Следуя своей собственной установке, Фицджеральд сторонится научного языка Крафт-Эбинга в истории молодой девушки, изнасилованной отцом. Вместо этого он описывает ее развитие образами с помощью цветов. Как сумасшедшая Офелия в «Гамлете» У.Шекспира, Николь окружена цветами на протяжении всего романа. Дик встречает ее в садах лечебного санатория и увозит в сад на Французской Ривьере. Многие сцены с участием Николь происходят в этом саду или берут свое начало там. В Швейцарских Альпах она живет между дикими цветами и запущенными розами. Даже язык, которым Фицджеральд пишет о ней, усыпан соответствующими метафорами: чаще всего она ассоциируется с розами, как и Офелия, «роза мая». Этот цветок более всего характеризует шизофренический тип Николь: роза — самый красивый цветок, может уколоть. И так же красивая Николь опасна для Дика Дайвера. Ближе к концу романа он понимает, что в своем желании «быть любимым», он «выбрал Офелию, выбрал сладкий яд и выпил его».

В ходе развития всего романа Фицджеральд подчеркивает развитие характера Николь в обстановке трех разных садов. Первый, в санатории мистера Домлера в Цюрихе, это романтический Эдем, в котором невинная Николь путешествует. Именно здесь, словно в параллельном мире, Дик влюбляется в нее, улыбающуюся «трогательной детской улыбкой, вся заблудившаяся юность мира была в этой улыбке». Второй сад на вилле «Диана» на Французской Ривьере — убежище, которое он возвел для своей наполовину выздоровевшей невесты.
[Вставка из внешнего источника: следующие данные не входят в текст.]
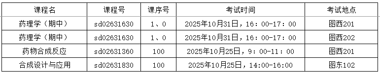 2025-2026-1学期药学院部分考试安排(持续更新)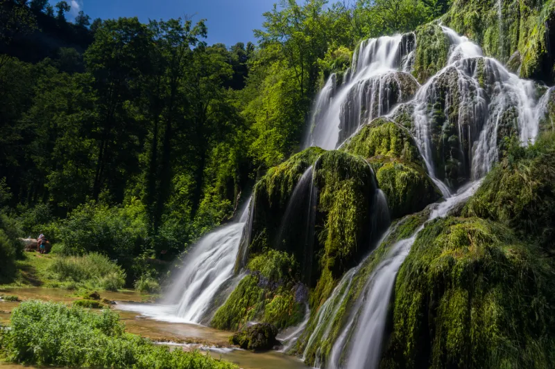Chargée en calcaire, l’eau qui jaillit au fond de la reculée forme une nouvelle roche : le tuf. Enrobés de calcaire, végétaux, algues et mousses donnent naissance à cette cascade pétrifiante, véritable sculpture de la nature.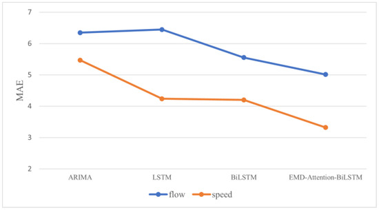 Figure 11 and Figure 12 depict the changes in evaluation metrics for the four prediction models. From these figures, it can be observed that the EMD–Attention–BiLSTM model outperforms the traditional ARIMA model, LSTM model, and BiLSTM model in terms of both RMSE and MAE metrics. From a volume prediction perspective, the EMD–Attention–BiLSTM model shows significant improvements over the ARIMA model, LSTM model, and BiLSTM model. The RMSE metric decreases by 31.4%, 29.2%, and 10.1%, respectively, compared to the ARIMA, LSTM, and BiLSTM models. The MAE metric also decreases by 21.1%, 22.3%, and 9.7%, respectively. From a speed prediction perspective, the EMD–Attention–BiLSTM model performs better than the ARIMA model, LSTM model, and BiLSTM model. The RMSE metric decreases by 28.6%, 6.6%, and 0.9%, respectively, compared to the ARIMA, LSTM, and BiLSTM models. The MAE metric also decreases by 39.2%, 21.6%, and 19.5%, respectively.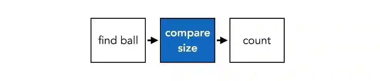 换个问题,步骤也会不一样。当问题为“有多少与球尺寸相同的物体?”,流程图会变成这样: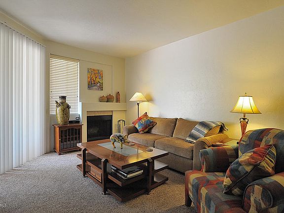 Furnished Vacation Rental - We are currently releasing only 3-month reservations on our properties for the time period of January-March, 2019.This hold will be released October 1,2018 for shorter term reservations.Beautiful condo in pristine condition.Lower Unit; Interior steps down to living/dining and master.Stainless steel appliances & neutral tile.Cozy down by the LR fireplace or relax on the patio or at the community pool.One of Tucson's best locations in the heart of the Foothills, next to restaurants, bakery, grocery store & drug store, and only 2 miles from upscale shopping at La Encantada. Ask about P#2925-QV Seasonal rates: Nov -Apr. 2695 May-Oct $1895. Security Deposit $500 with credit card on file. Cleaning fee $195.00.To avoid misunderstandings, please be advised that ren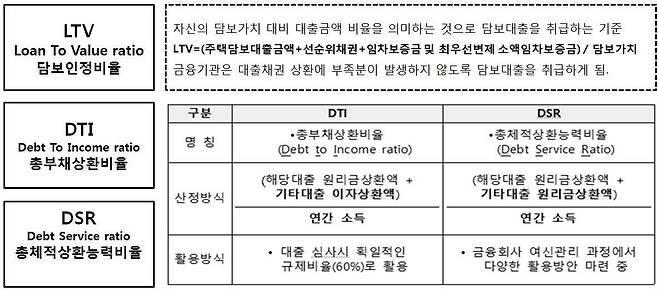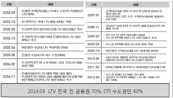 노무현 정부는 2005년 6월 비은행권으로 LTV를 확대한 데 이어 그해 8월에 DTI를 처음으로 도입했다. 앞서 2003년 10·29대책 때 추가대책으로 ‘차주의 상환능력에 입각한 보다 강화된 주택담보대출 취급기준 마련 유도’가 포함되면서 이후 DTI 도입의 씨앗은 뿌려졌었다. 노무현 정부의 DTI는 2007년 1월 기존 소유 주택담보대출로도 확대됐다. 주택대출 규제는 2008년 금융위기 이후에도 이어졌다. 금융위기 이후 가라앉은 주택시장이 2009년 ‘반짝’ 상승세를 보이며 대출이 늘어나자 당시 이명박 정부는 비은행권 주택담보대출에도 DTI를 적용키로 했다.

Николь живет в своем защищенном саду до тех пор, пока ее «я» не расцветает и не дает ей возможность создать свой собственный мирок. Ее последний сад метафоричен, не материален, но это сад, где она создает сама себя. Фицджеральд отмечает грани ее развития цветами: от молодости к зрелости, от зависимости к независимости, от невинности к расчетливости.

Описанная как «красивая раковина», когда Дик в первый раз ее видит, Николь, появляющаяся на страницах после выписки из санатория годом позже — милый и обещающий расцвести весенний бутон. В письме к Дику она даже ассоциирует свое улучшенное состояние с возвращающимся восприятием природы: «понемногу возвращаюсь к жизни… смотрю на цветы, облака…». Дик, наполненный жалостью к Николь, находит ее привлекательной. Во второе свое посещение они встречаются в лесу санатория, залитом лунным светом, где Николь словно наполнена духом природы: «Из ветвей ивы, из темноты, сгустившейся вокруг, вливался в нее капля за каплей сладостный покой» (с.212) . Николь при помощи патефона возвращает Дику сущность потерянного для него мира: «Они теперь были в Америке» (с.211). Ее юношеское воодушевление, отраженное музыкой, которую она ставила, не только уносит Дика назад — в счастливые дни, — но и обещает еще более яркое будущее: «Ниточки мелодий, связывавших то, что уже ушло, с тем, что еще могло сбыться, закручивались в темноте вечера». Николь вносит в жизнь Дика ту цветочную свежесть, которой не было в его жизни до этого: «только горячее женское дыхание в горячей тесноте укромных уголков» (с.213). Сама мысль ее «обещания», казалось, расцветала внутри Дика: «…оттого, что она была так молода и красива, волнение охватило его и в горле точно свернулся тугой клубок» (с.210). Тяга Дика к цветущей молодой девушке подчеркнута на протяжении всего романа такими же цветочными образами. Например, он обращается к расцветающей Розмэри с вызывающей фразой: «А вы и в самом деле похожи на нечто в цвету — давно я уже таких девушек не встречал» (с.66). Но такие моменты наступают позже, когда первая свежесть Николь начинает увядать.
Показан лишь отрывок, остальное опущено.